И она, эта, недавно чужая, такая веселая, такая смешная в коричневом своем платье, почти девочка, — так близка сейчас. О, даже больше… Если он захочет, она будет его любовницей.
Он думал, он повторял про себя несколько раз: любовница, любовница, как бы ища в этом и новый смысл, и новый оттенок… и не находил.
А она протянула руки и обняла его колени и шепотом, таким серьезно и будто просительно, говорила:
— Возьми… Ты же должен…
Он должен? Вовсе нет. Он всегда так порядочен.
Борис стоял перед ней, большой и сконфуженный, хотел думать, чтоб найти простой и честный, и прежде всего — честный — выход, и чтобы было все красиво и не вульгарно, но мысли прыгали, как бешеный зайчик на стене. Где ж этот зайчик? Борис наклонился к ней и стал целовать ее волосы и все хотел непременно дотронуться губами до зайчика, но тот ускользал.

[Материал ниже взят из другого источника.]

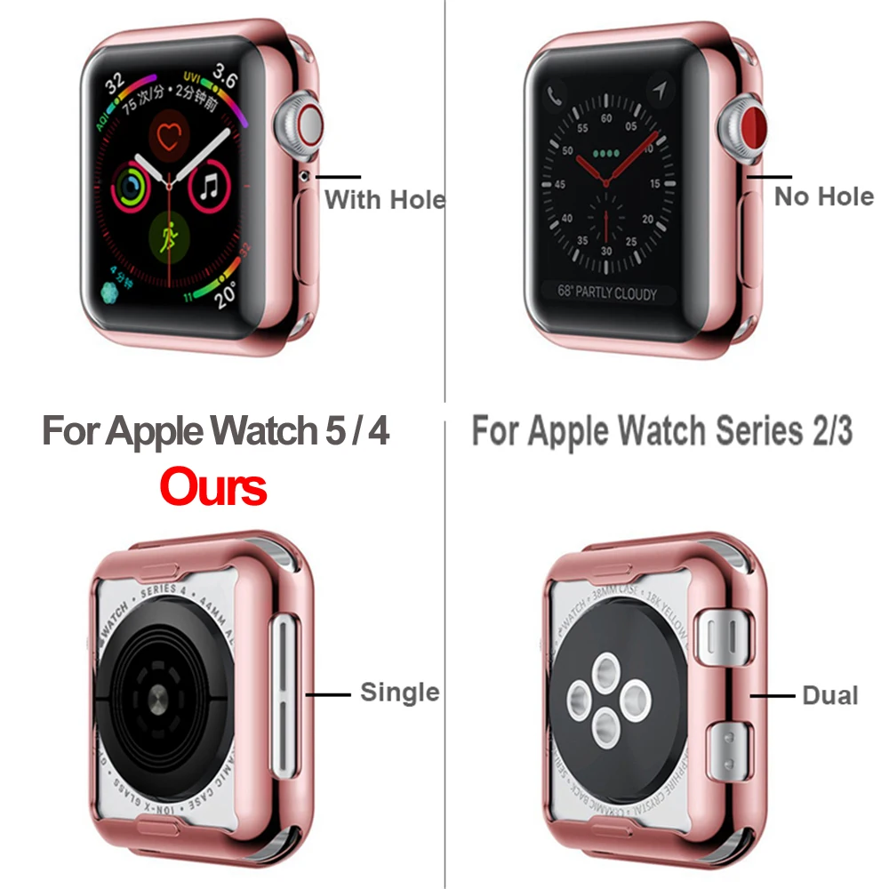 Защитный чехол для смарт-часов Apple Watch 5, 4, 40 мм, 44 мм, мягкий ТПУ с гальваническим покрытием
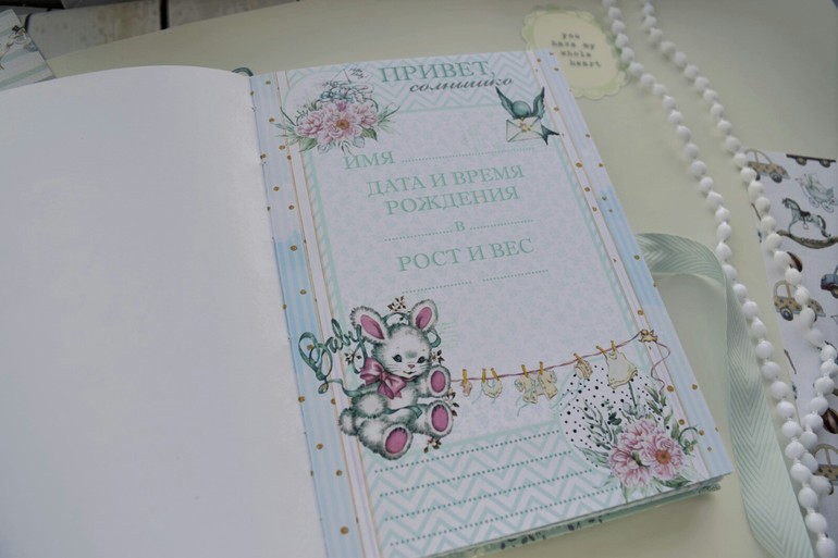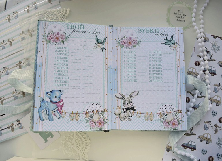 Вот и сотворился дневничок для нежной, любящей, чуткой мамы: тут и кружево, и цветы, и ленты.. его так и хочется прижать и не отпускать. А странички с милыми персонажами изобилуют разделами: от рождения и до школы. Тут есть все: и крещение, и отпечатки ручки и ножки, и прививки..В общем, это настоящий архив, который к тому же еще и красивый) Да, от скромности сегодня я не умру)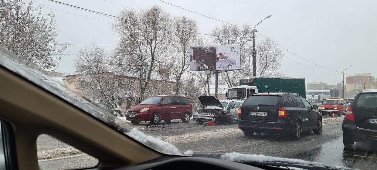 У понеділок, 13 грудня, близько 12 години сталася дорожньо-транспортна пригода, під час якої зіткнулося три авто: Skoda, Daewoo Lanos та Volkswagen.

Потом поднял Ирину легко и обнял, и сказал, чуть улыбаясь:
— Ирина, Ирина, разве так можно? Ну пойми, что ты хочешь?
— Я хочу быть твоей.
— Но, Ирина, ты не должна так любить. Ты же девушка.
— Ну и что ж?
Он молчал, удивленный.
— Нет, Ирина, этого вовсе не нужно. Да и не хочу, не могу, не хватает, ну, подлости, что ли.
Он так говорил…
А потом говорил, и так непонятно, об элементарной порядочности и честности. Говорил, что он честен с собой и что нету в нем зверя какого-то. Зверя? Разве может ребенок понять?
Говорил он так долго и медленно и от звуков красивого своего голоса и оттого, что он сказал что-то нужное, важное и порядочное — почувствовал в себе гордость.

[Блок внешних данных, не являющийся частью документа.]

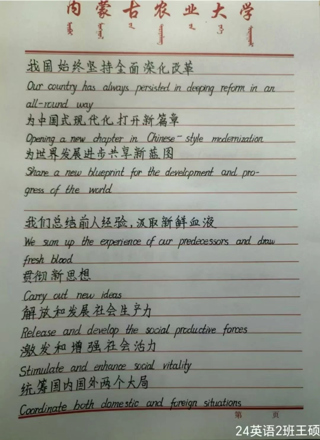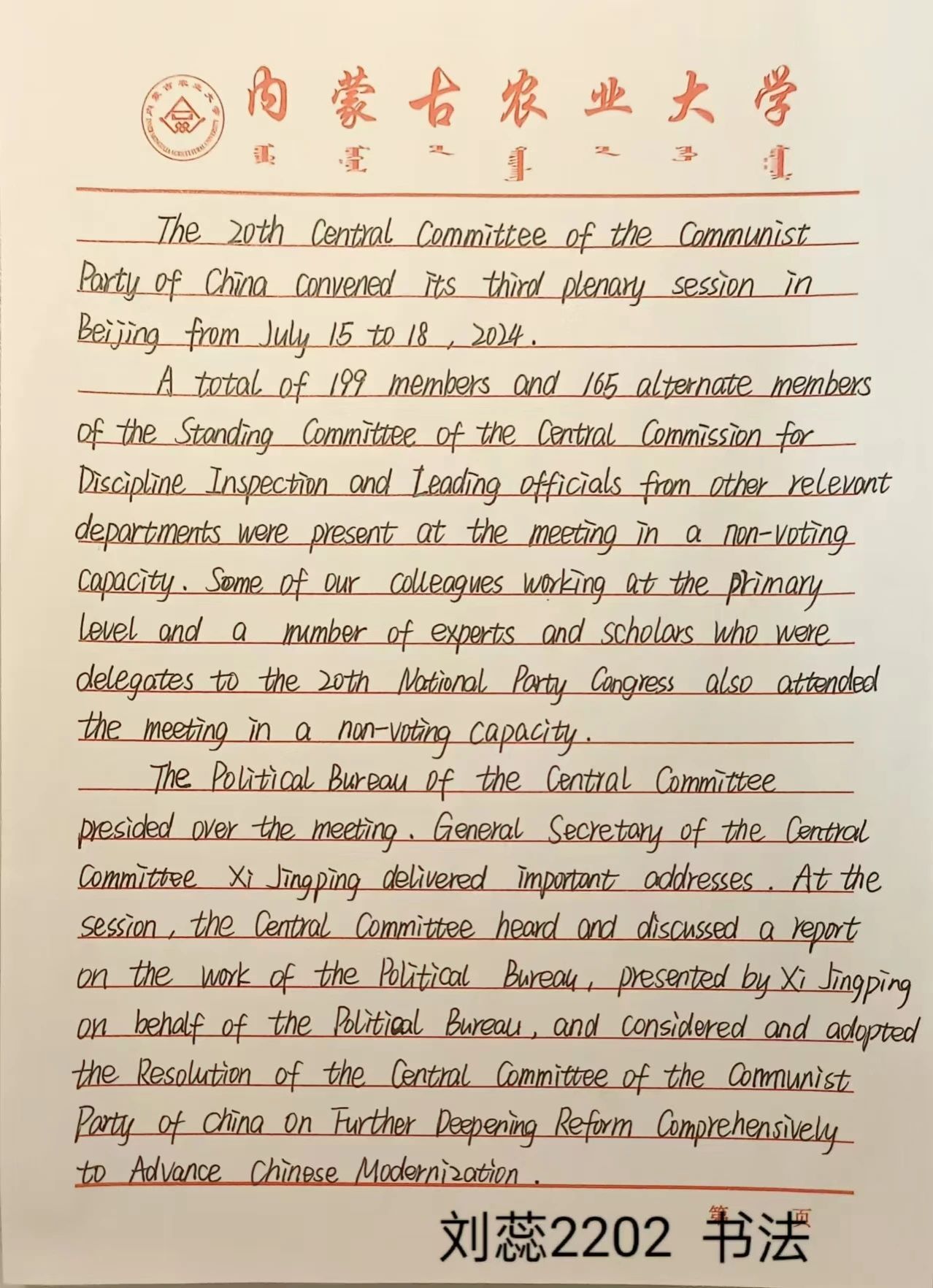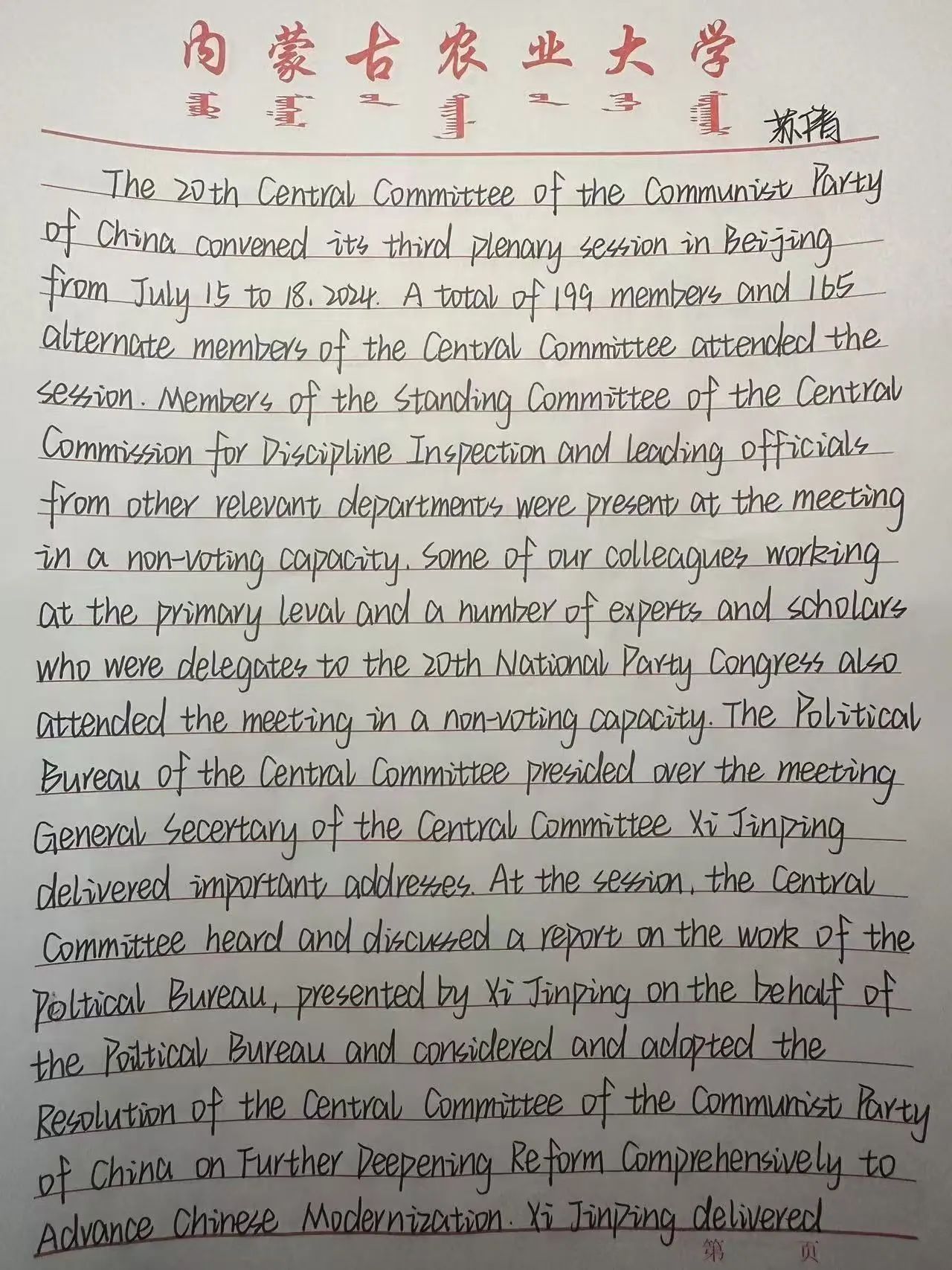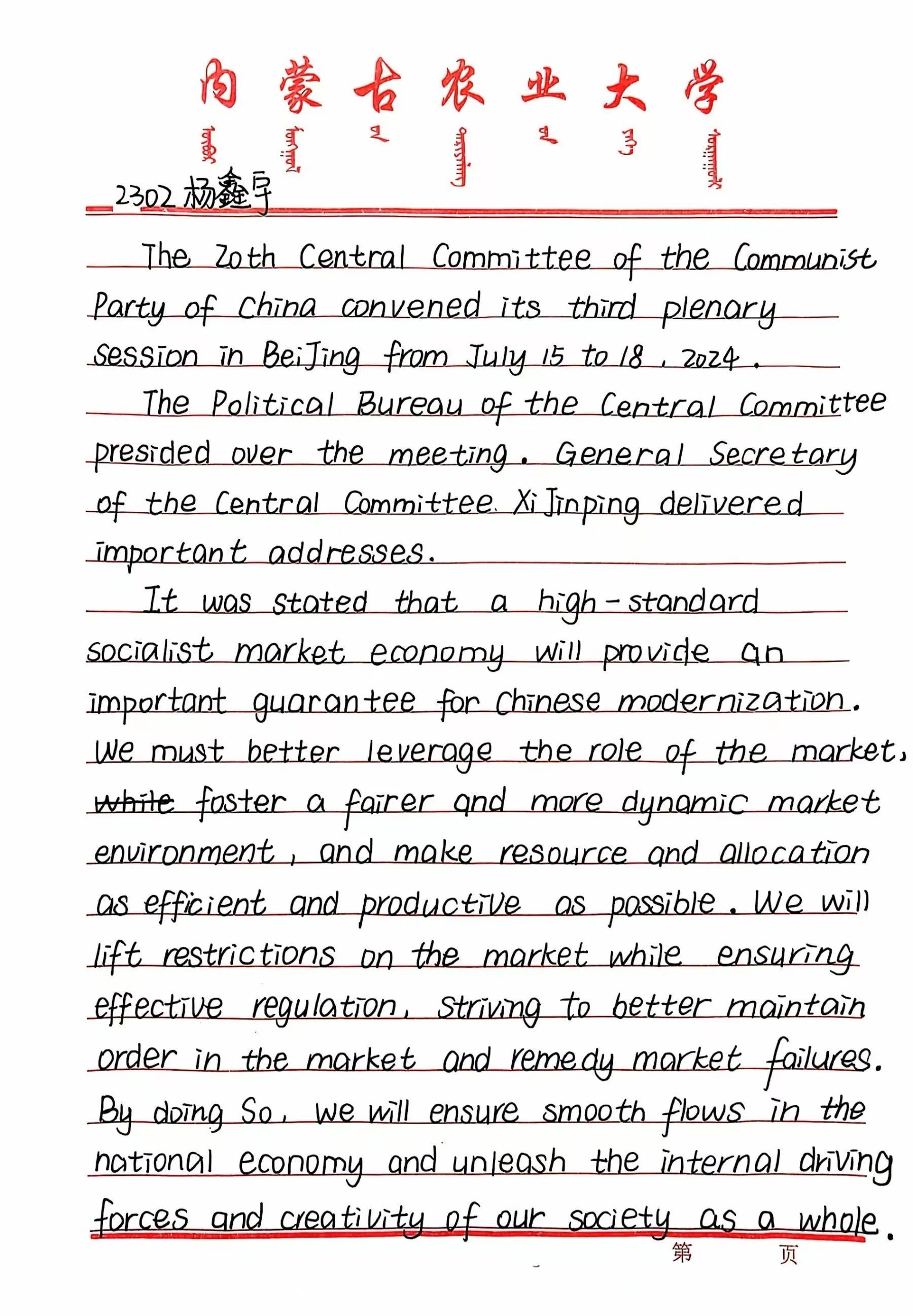 作为一名大学新生,我深感自己肩负的历史使命。在未来的学习和生活中,我将努力学习专业知识,不断提升自己的综合素质,培养创新精神和实践能力,为将来投身国家建设做好准备。同时,我也要积极参与社会实践,关心国家大事,将个人的发展与国家的命运紧密联系在一起,以实际行动践行二十届三中全会精神。

А ведь гордость — сильнее любви. Гордость — госпожа всех желаний. И, почувствовав в себе гордость, Борис понял, что не отступится от своего, казалось ему, красивого шага и верного.
— Ирина, не плачь.
Ирина не плачет. Ему показалось, наверное. Прогони же инстинкт свой прочь…
Она подошла к зеркалу, поправила волосы и, не смотря на него, сказала:
— Я пойду. Мне нужно.
И ушла.
А вместе с Ириной ушел и зайчик со стены. Темнело. И не было гордости больше.

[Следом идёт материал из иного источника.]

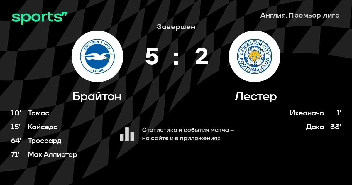 Брайтон – Лестер: Лестер забивает в 6 последних матчах против этого соперника
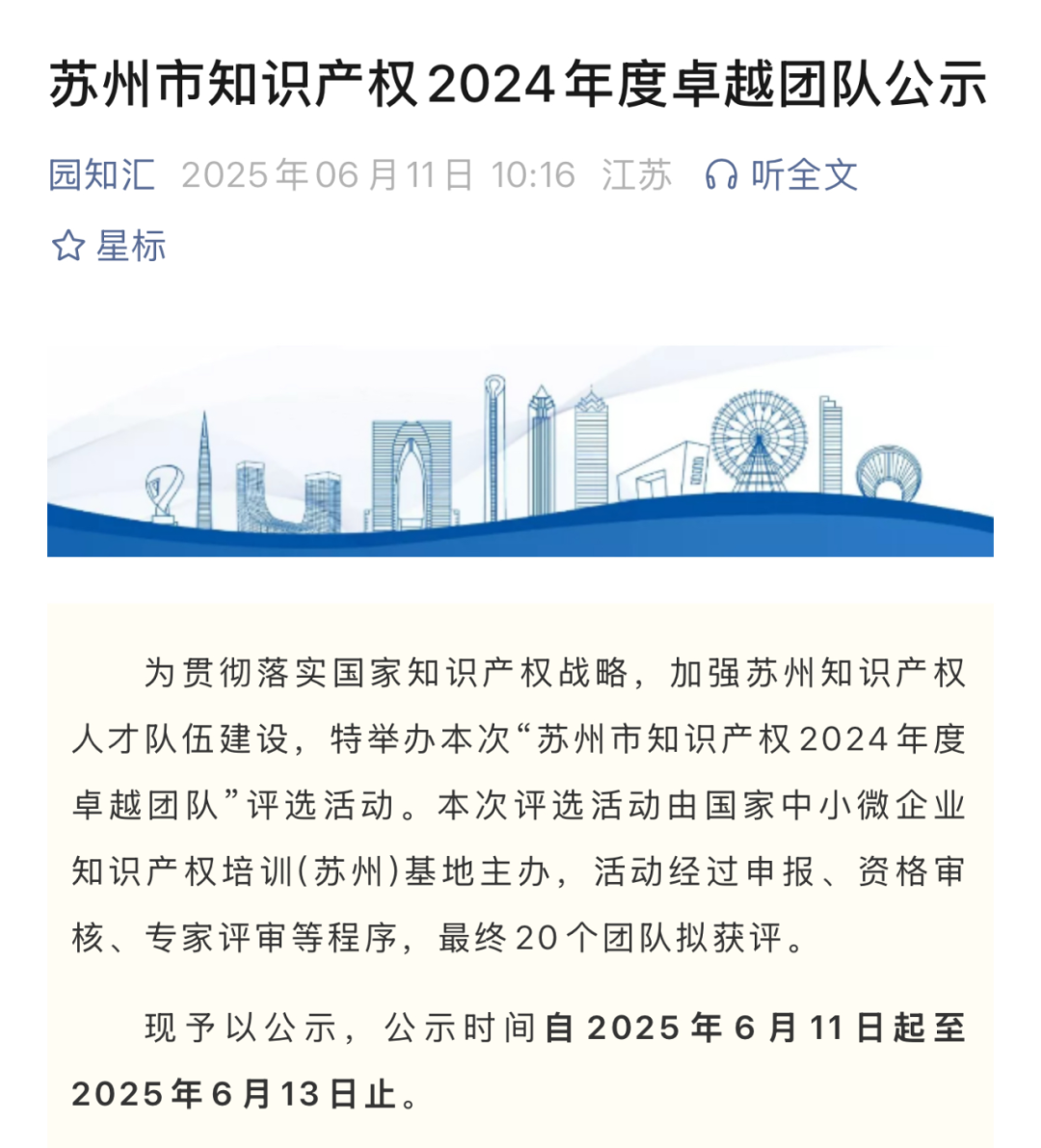 近日,“蘇州市2024年度知識產權卓越團隊”榜單公布,三聚陽光集團蘇州公司服務團隊憑借出色的專業(yè)能力和對區(qū)域創(chuàng)新發(fā)展的貢獻成功入選。

В сумерках всегда острей печаль. И в сумерках Борису было жаль себя.
А вместе с задумчивой тенью улицы в комнату вползла тоска. И росла, и росла…
Борис метался по комнате и не зажигал свет. Тоска сковала его. Ушла Ирина, ушла любовь, ушел яркий зайчик со стены…
О, Ирина!.. Она не придет больше…
Не придет.И тогда казалось, что нет личной жизни, что жизнь ушла, что все умирает…
Сильнее тоски — ожидание. И Борис стал ждать, когда придет ночь, уже странно-спокойный.
Скорей бы завтра пришло. Скорей бы!
1918 г.
Как она смеет…
Тростью своей с серебряной рукояткой он чертил на песке линии неопределенные и фигуры. Потом задумался, побарабанил пальцами по острым своим коленям, вскочил, опять сел, опять принялся за фигуры свои на песке. Он долго чертил какие-то буквы, профиль какой-то, и было так видно, что противны ему эти буквы, что он хочет успокоиться, уйти от навязчивой, жестокой своей мысли.
И не мог. И сидел беспокойный, взволнованный, и напряженно думал и кусал тонкие свои губы.
Здесь, за ажурными воротами Летнего сада, вечером всегда немножечко жеманно и очень спокойно. Здесь лубочная картина весенней любви. Здесь незнакомец мой был странен со своим огромным волнением. Буквами неровными и едва понятными он написал на песке «Как она смеет…» И зачеркнул тотчас тростью.
Пусть незнакомец простит мою навязчивость, но, право, я очень полагаю: женщина всегда смеет.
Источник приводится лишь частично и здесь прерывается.